TEMPO.CO, Yogyakarta - Masyarakat Yogyakarta menyebutnya “tongseng jamu”. Namun jangan dikira makanan ini terbuat dari daun atau rempah layaknya jamu. Tongseng jamu ini berbahan dasar daging anjing. Penggemar sajian kuliner khas ini sering menyebutnya sengsu alias tongse asu (anjing).
Pada Sabtu pekan lalu, Tempo mendatangi warung penjual tongseng jamu di Dusun Kanutan, Srimulyo, Bambangliluro, Bantul. Di tempat ini, ada tiga warung makan penjual tongseng jamu. Salah satu pemiliknya adalah Sukijo. Lelaki 68 tahun ini sudah berjualan tongseng anjing sejak 1979.

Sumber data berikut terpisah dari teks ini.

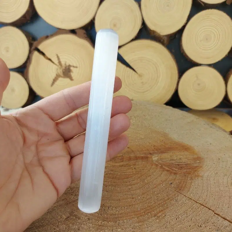 Dieser dünne, runde Selenit Stab ist sehr handlich und kann man dadurch sehr gut in der Hand halten. Ideal bei der Meditation und zur Energiearbeit, wenn du deinen Geist aufräumen möchtest.
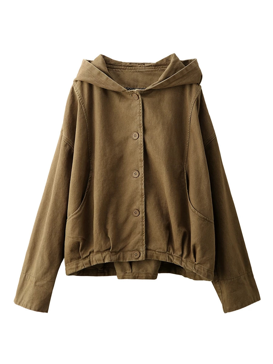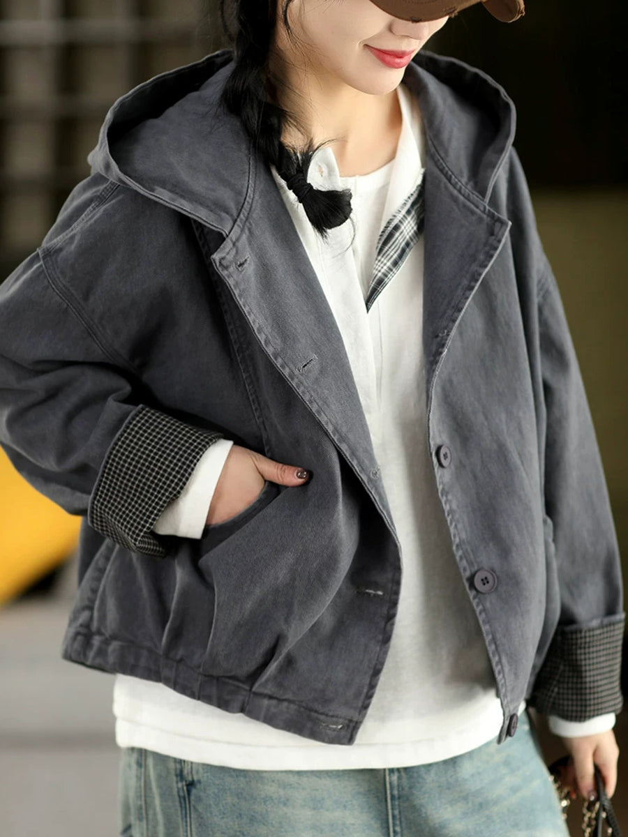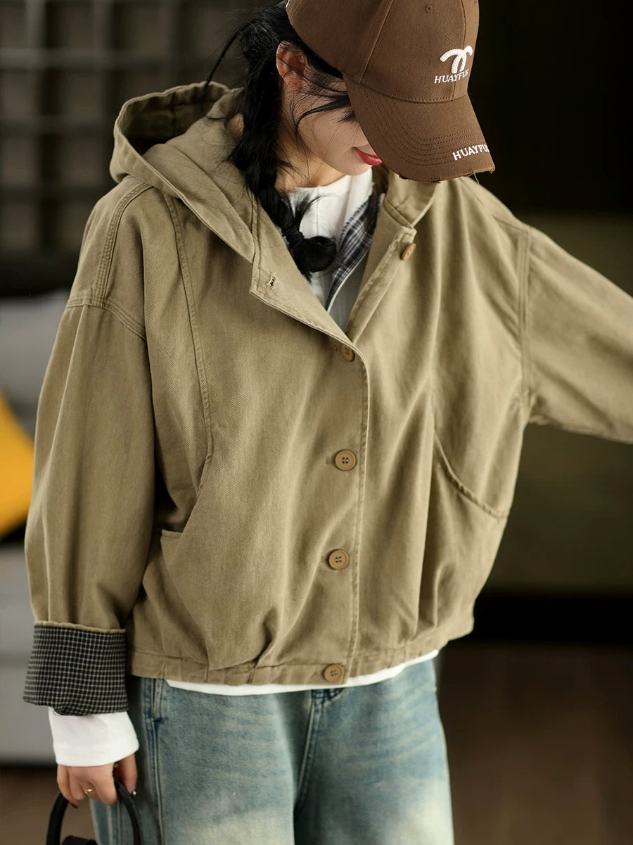 Ženski proljetni ležerni kaput s kapuljačom, čistog izgleda, 100% pamuk

Sekitar pukul 15.00, Tempo mendatangi warung dan Sukijo sedang merapikan dagangannya. “Sudah habis, baru nunggu yang nyetori dari Purworejo,” katanya. Beberapa calon pembeli yang datang langsung balik kanan. Hari itu dia hanya menyembelih dua ekor anjing dan langsung ludes. “Stok (anjing) terakhir hari ini.”
Untuk kebutuhan usahanya, Sukijo mendapatkan pasokan anjing dari Purworejo, Wonosobo, dan Temanggung. Seekor anjing ia tebus dengan harga Rp 250-300 ribu. “Tergantung beratnya,” tuturnya. Dia hanya pembeli anjing dengan berat di atas 10 kilogram. Sebab, anjing seberat itu hanya menghasilkan sekitar 4,5 kilogram daging yang layak dimasak.
Dalam sehari, warung makannya paling sedikit menyembelih dua ekor anjing. Satu porsi tongseng dihargai Rp 15 ribu. "Kalau pas liburan yang datang bisa berlipat-lipat. Dari luar kota banyak, mobil itu berderet-deret di depan rumah," ucap Sukijo.
Kalangan pencinta binatang mengecam perdagangan binatang peliharaan ini. Pada April lalu, Animal Friends Jogja (AFJ) menggelar aksi di kawasan Nol Kilometer Kota Yogyakarta. Menurut Program Manajer AFJ Angelina Pare, perdagangan daging anjing di Yogyakarta terus meningkat. "Yogyakarta itu dulu terkenal sebagai kota gudeg, kota pelajar, tapi sekarang jadi kota sengsu," ujarnya.
Dia mencatat ada sekitar 33 warung makan yang menjajakan menu daging anjing dari Bantul hingga Sleman. Dibanding Solo, jumlah konsumsi daging anjing di Yogyakarta terbilang kecil. Namun, sebagai tempat tujuan wisata, permintaan sengsu terus meningkat.
Mengkonsumsi daging anjing, kata Angelina, adalah salah satu pintu masuk penyebaran rabies. Indonesia menargetkan bebas rabies pada 2020. Masalahnya, kata dia, jika perdagangan daging anjing tidak dilarang, target bebas rabies tak akan pernah tercapai. “Apalagi pasokan anjing untuk sengsu tak bisa dijamin kesehatannya,” ucapnya.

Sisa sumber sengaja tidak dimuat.